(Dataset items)
+---+
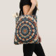 A vibrant geometric quilt pattern radiates from the centre, creating an intricate mandala design with various colours including shades of teal green, rust brown, and beige
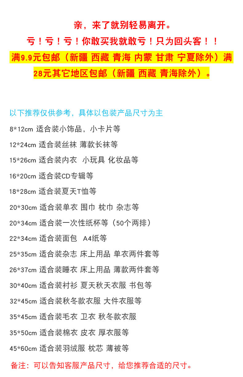재고 OPP 자체 접착 가방 의류 투명 포장 가방 방진 가방
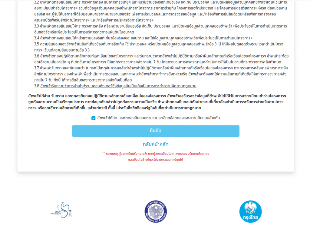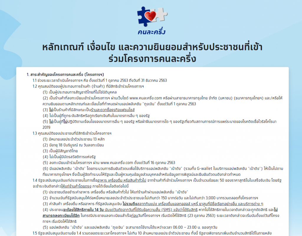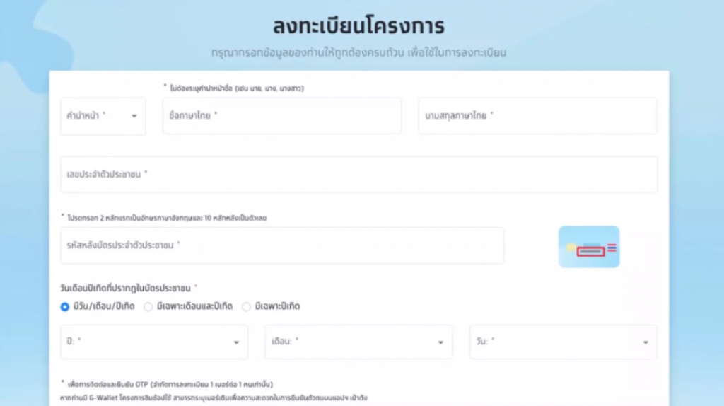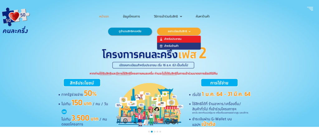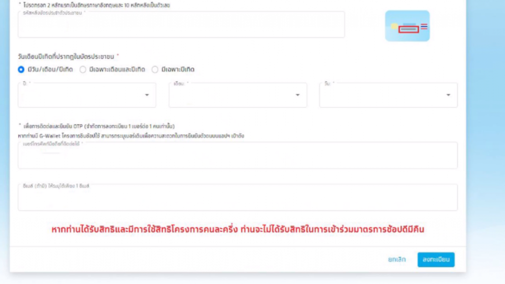 1. ลงทะเบียนผ่านเว็บไซต์ www.คนละครึ่ง.com โดยเตรียมกรอกข้อมูลชื่อ – สกุล เลขบัตรประจำตัวประชาชน รหัสหลังบัตรประจำตัวประชาชน วันเดือนปีเกิด และเบอร์โทรศัพท์ที่จะติดตั้งแอปพลิเคชัน “เป๋าตัง” (ขั้นตอนนี้สำคัญที่สุด)
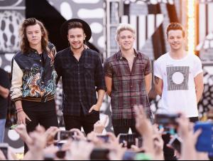 August 6, 201510 yr One Direction Performs on "Good Morning America" Harry Styles performs in a bomber jacket from Saint Laurent's spring-summer 2016 menswear collection. Liam Payne is a relaxed vision in a plaid shirt, skinny jeans, and a trendy hat. Louis Tomlinson is simple and easy in black jeans and Saint Laurent Vinyl T-Shirt. Niall Horan rocks a Paul Smith fringe shirt. August 5, 2015 thefashionisto.com
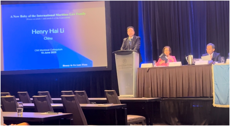 On 14-16 June 2023, the managing partner of this firm, Dr. Henry Hai Li attended the International Colloquium in Montreal Canada. As arepresentative of the China Maritime Law Association,he also attended the CMI Assembly. At the colloquium, he presented a paper entitled “A New Baby of the International Maritime Law Family”introducing the purpose and the basic rule of the UN Convention on the International Effects of the Judicial Sales of Ships.
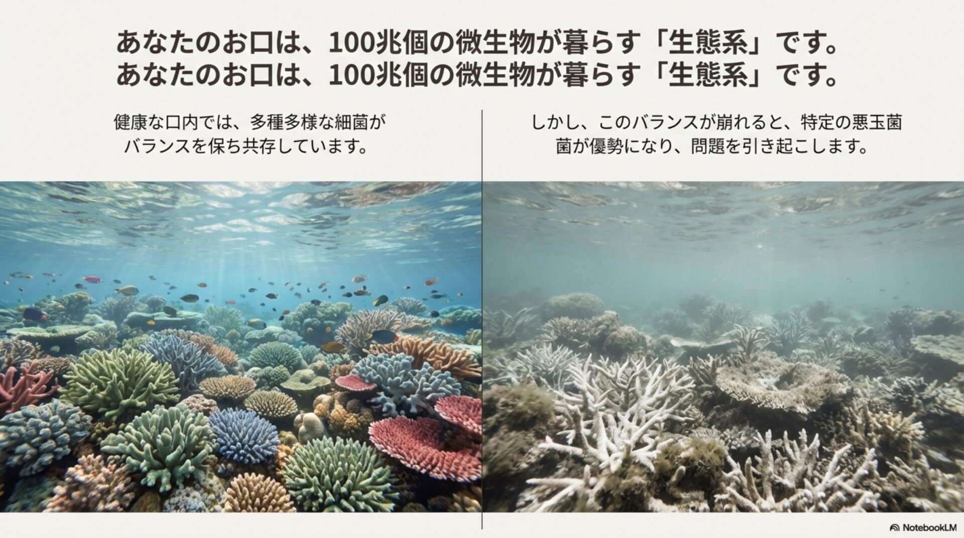 一口に「お口のケア」と言っても、特定の悪玉菌だけでなく、口内細菌全体のバランス(マイクロバイオーム、つまり口内細菌の生態系)を整えることが、がん予防という観点からも極めて重要になるのです。
+---+
Task statement
Nothing but the lines from the one containing "재고 OPP 자체 접착 가방 의류 투명 포장 가방 방진 가방" through the final line of the records, both included and copied exactly, should appear in the answer; pictures stay out.

Answer to the problem
재고 OPP 자체 접착 가방 의류 투명 포장 가방 방진 가방
 1. ลงทะเบียนผ่านเว็บไซต์ www.คนละครึ่ง.com โดยเตรียมกรอกข้อมูลชื่อ – สกุล เลขบัตรประจำตัวประชาชน รหัสหลังบัตรประจำตัวประชาชน วันเดือนปีเกิด และเบอร์โทรศัพท์ที่จะติดตั้งแอปพลิเคชัน “เป๋าตัง” (ขั้นตอนนี้สำคัญที่สุด)
 August 6, 201510 yr One Direction Performs on "Good Morning America" Harry Styles performs in a bomber jacket from Saint Laurent's spring-summer 2016 menswear collection. Liam Payne is a relaxed vision in a plaid shirt, skinny jeans, and a trendy hat. Louis Tomlinson is simple and easy in black jeans and Saint Laurent Vinyl T-Shirt. Niall Horan rocks a Paul Smith fringe shirt. August 5, 2015 thefashionisto.com
 On 14-16 June 2023, the managing partner of this firm, Dr. Henry Hai Li attended the International Colloquium in Montreal Canada. As arepresentative of the China Maritime Law Association,he also attended the CMI Assembly. At the colloquium, he presented a paper entitled “A New Baby of the International Maritime Law Family”introducing the purpose and the basic rule of the UN Convention on the International Effects of the Judicial Sales of Ships.
 一口に「お口のケア」と言っても、特定の悪玉菌だけでなく、口内細菌全体のバランス(マイクロバイオーム、つまり口内細菌の生態系)を整えることが、がん予防という観点からも極めて重要になるのです。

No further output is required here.